• _Extracted data entries_
* * * *

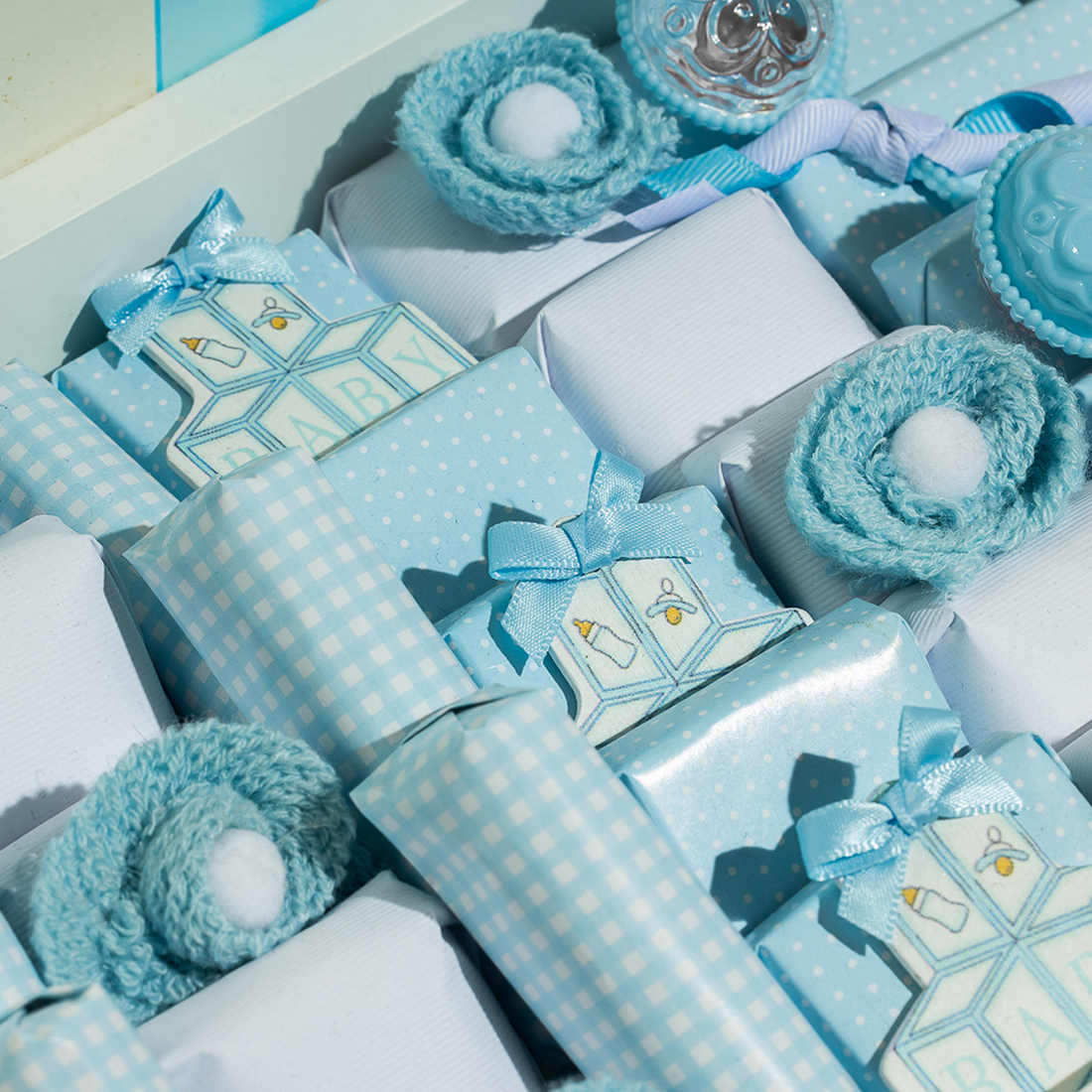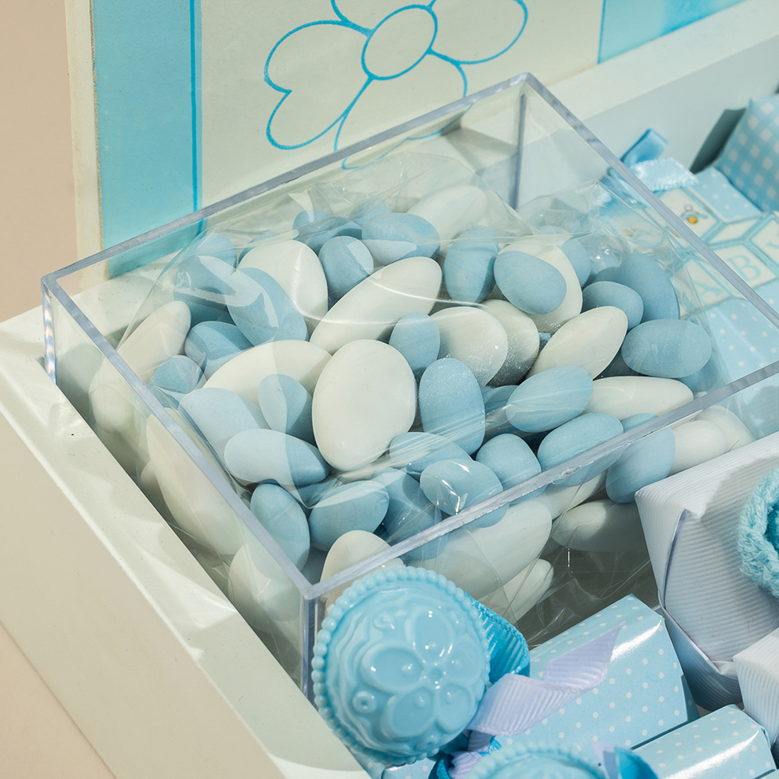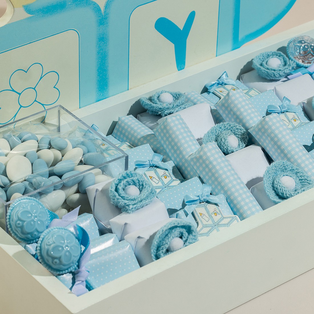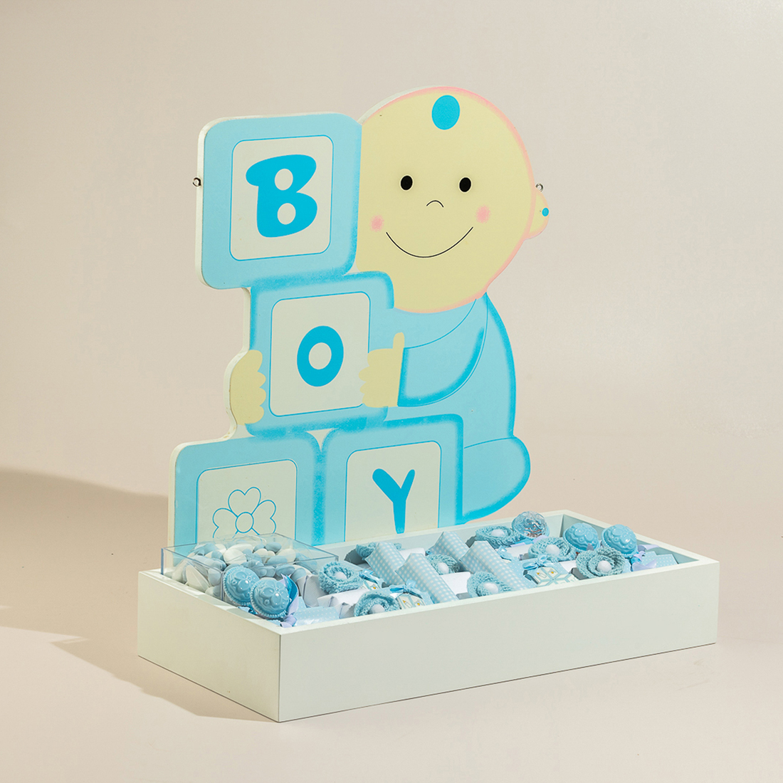 A white, wooden tray, holding 1000 grams of 100% premium Belgian chocolate, sugared almonds and a baby with the gender reveal as a backdrop
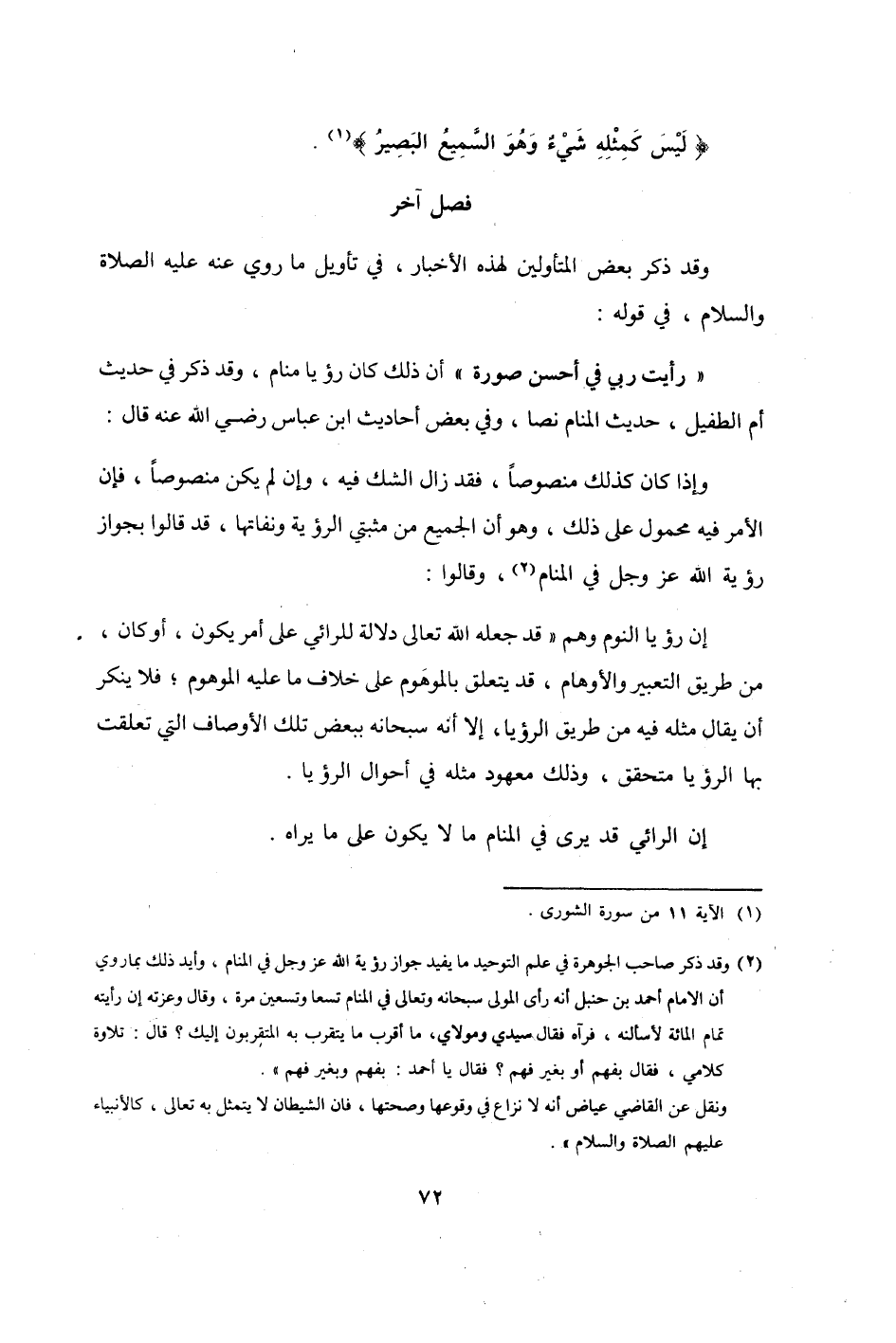 إِن رُؤْيا النّوم وهم قد جعله الله تَعَالَى دلَالَة للرائي على أَمر يكون أَو كَانَ من طَرِيق التَّعْبِير والأوهام قد يتَعَلَّق بالموهوم على خلاف مَا عَلَيْهِ الموهوم فَلَا يُنكر أَن يُقَال مثله فِيهِ من طَرِيق الرُّؤْيَا إِلَّا أَنه سُبْحَانَهُ بِبَعْض تِلْكَ الْأَوْصَاف الَّتِي تعلّقت بهَا الرُّؤْيَا مُتَحَقق وَذَلِكَ مَعْهُود مثله فِي أَحْوَال الرُّؤْيَا
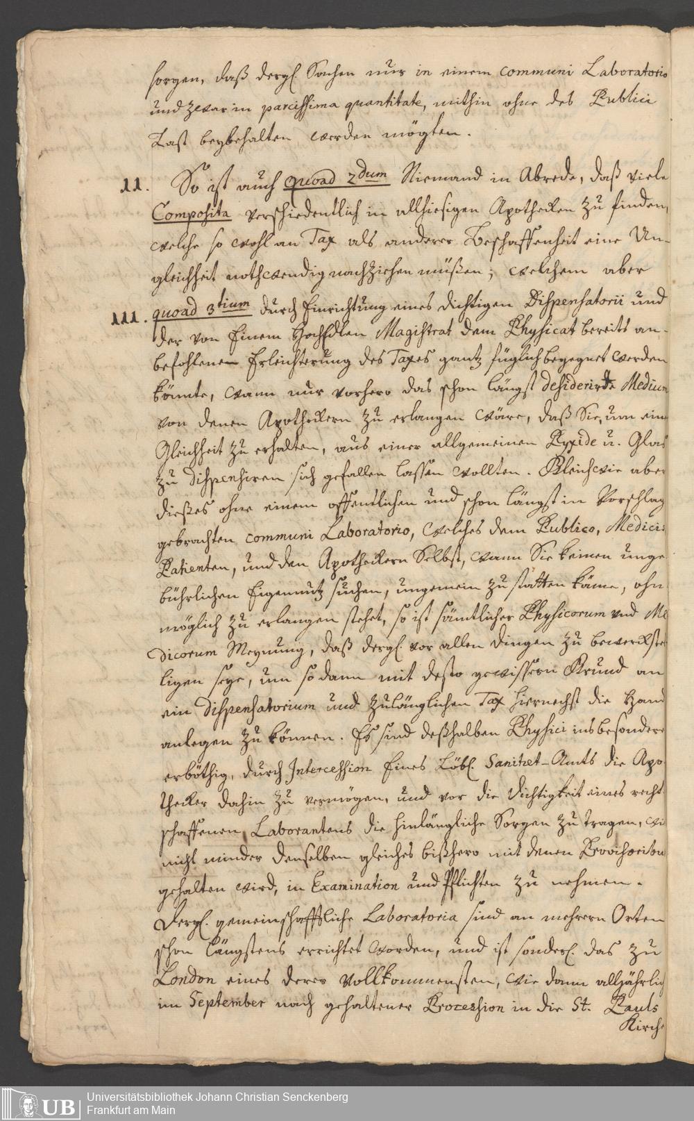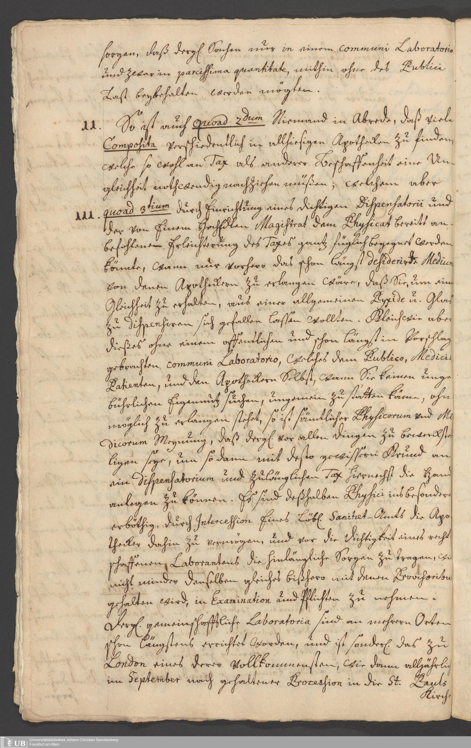 Na 31 Nachlass Johann Christian Senckenberg, 294 - Vorschläge und Gutachten zur Verbesserung des Medizinalwesens in Frankfurt
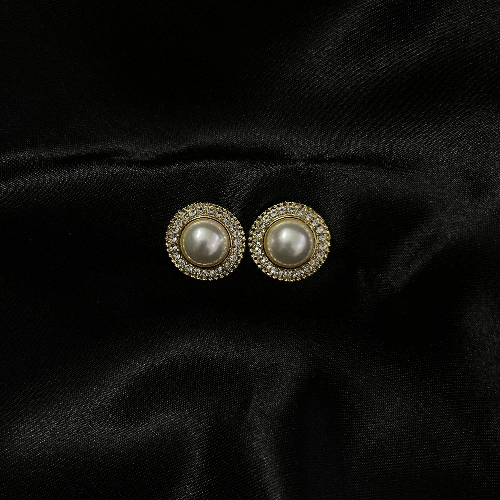 עגילי פנינה מסגרת זהב משובצת
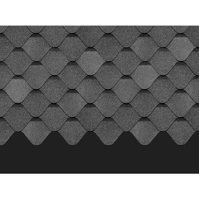 Благородный графитовый цвет подчеркивает эффектную овальную форму лепестков. Гонты создают эффект морской волны, а затемненные участки делают покрытие объемным. Черепица сочетается с нейтральными светлыми и оригинальными яркими фасадами.
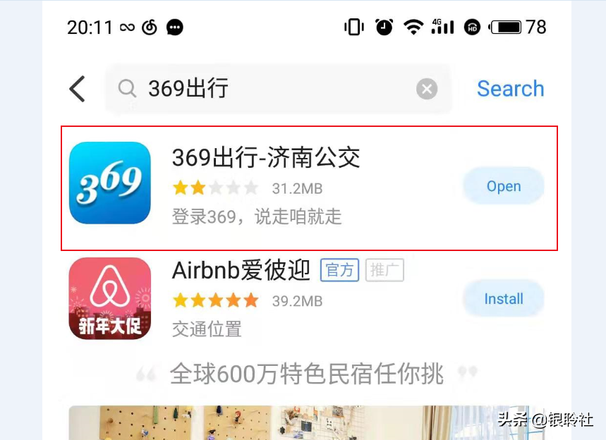 在手机中的应用商店里搜索“369出行”APP,下载并安装。

* * * *

• _PROMPT_
All of the entries above should be duplicated exactly, except for the pictures.

• _SOLUTION TO THIS PROBLEM_
 A white, wooden tray, holding 1000 grams of 100% premium Belgian chocolate, sugared almonds and a baby with the gender reveal as a backdrop
 إِن رُؤْيا النّوم وهم قد جعله الله تَعَالَى دلَالَة للرائي على أَمر يكون أَو كَانَ من طَرِيق التَّعْبِير والأوهام قد يتَعَلَّق بالموهوم على خلاف مَا عَلَيْهِ الموهوم فَلَا يُنكر أَن يُقَال مثله فِيهِ من طَرِيق الرُّؤْيَا إِلَّا أَنه سُبْحَانَهُ بِبَعْض تِلْكَ الْأَوْصَاف الَّتِي تعلّقت بهَا الرُّؤْيَا مُتَحَقق وَذَلِكَ مَعْهُود مثله فِي أَحْوَال الرُّؤْيَا
 Na 31 Nachlass Johann Christian Senckenberg, 294 - Vorschläge und Gutachten zur Verbesserung des Medizinalwesens in Frankfurt
 עגילי פנינה מסגרת זהב משובצת
 Благородный графитовый цвет подчеркивает эффектную овальную форму лепестков. Гонты создают эффект морской волны, а затемненные участки делают покрытие объемным. Черепица сочетается с нейтральными светлыми и оригинальными яркими фасадами.
 在手机中的应用商店里搜索“369出行”APP,下载并安装。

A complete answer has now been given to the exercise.